◆ Exercise ◆
Among the records below, find the line that has "В отличие от"; from there, give the lines again exactly, and stop after the line that has "鳳凰花開,驪歌縈耳。6月18".

◆ The input ◆
======

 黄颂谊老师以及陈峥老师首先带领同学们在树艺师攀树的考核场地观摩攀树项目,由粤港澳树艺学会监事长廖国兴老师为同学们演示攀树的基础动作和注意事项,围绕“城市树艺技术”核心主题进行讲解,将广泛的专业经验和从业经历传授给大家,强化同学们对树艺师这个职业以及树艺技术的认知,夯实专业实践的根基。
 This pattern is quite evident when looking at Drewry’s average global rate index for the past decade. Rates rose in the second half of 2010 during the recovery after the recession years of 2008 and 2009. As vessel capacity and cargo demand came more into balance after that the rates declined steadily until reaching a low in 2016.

======

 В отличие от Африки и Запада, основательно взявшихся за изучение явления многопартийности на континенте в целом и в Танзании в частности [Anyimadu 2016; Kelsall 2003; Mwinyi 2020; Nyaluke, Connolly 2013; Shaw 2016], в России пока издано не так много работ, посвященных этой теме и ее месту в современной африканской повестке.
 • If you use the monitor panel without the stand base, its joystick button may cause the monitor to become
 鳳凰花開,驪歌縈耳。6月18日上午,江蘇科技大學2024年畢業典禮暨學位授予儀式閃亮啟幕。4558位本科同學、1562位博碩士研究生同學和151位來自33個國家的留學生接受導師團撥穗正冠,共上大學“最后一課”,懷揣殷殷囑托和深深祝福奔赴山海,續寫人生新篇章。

======

◆ Exercise solution ◆
 В отличие от Африки и Запада, основательно взявшихся за изучение явления многопартийности на континенте в целом и в Танзании в частности [Anyimadu 2016; Kelsall 2003; Mwinyi 2020; Nyaluke, Connolly 2013; Shaw 2016], в России пока издано не так много работ, посвященных этой теме и ее месту в современной африканской повестке.
 • If you use the monitor panel without the stand base, its joystick button may cause the monitor to become
 鳳凰花開,驪歌縈耳。6月18日上午,江蘇科技大學2024年畢業典禮暨學位授予儀式閃亮啟幕。4558位本科同學、1562位博碩士研究生同學和151位來自33個國家的留學生接受導師團撥穗正冠,共上大學“最后一課”,懷揣殷殷囑托和深深祝福奔赴山海,續寫人生新篇章。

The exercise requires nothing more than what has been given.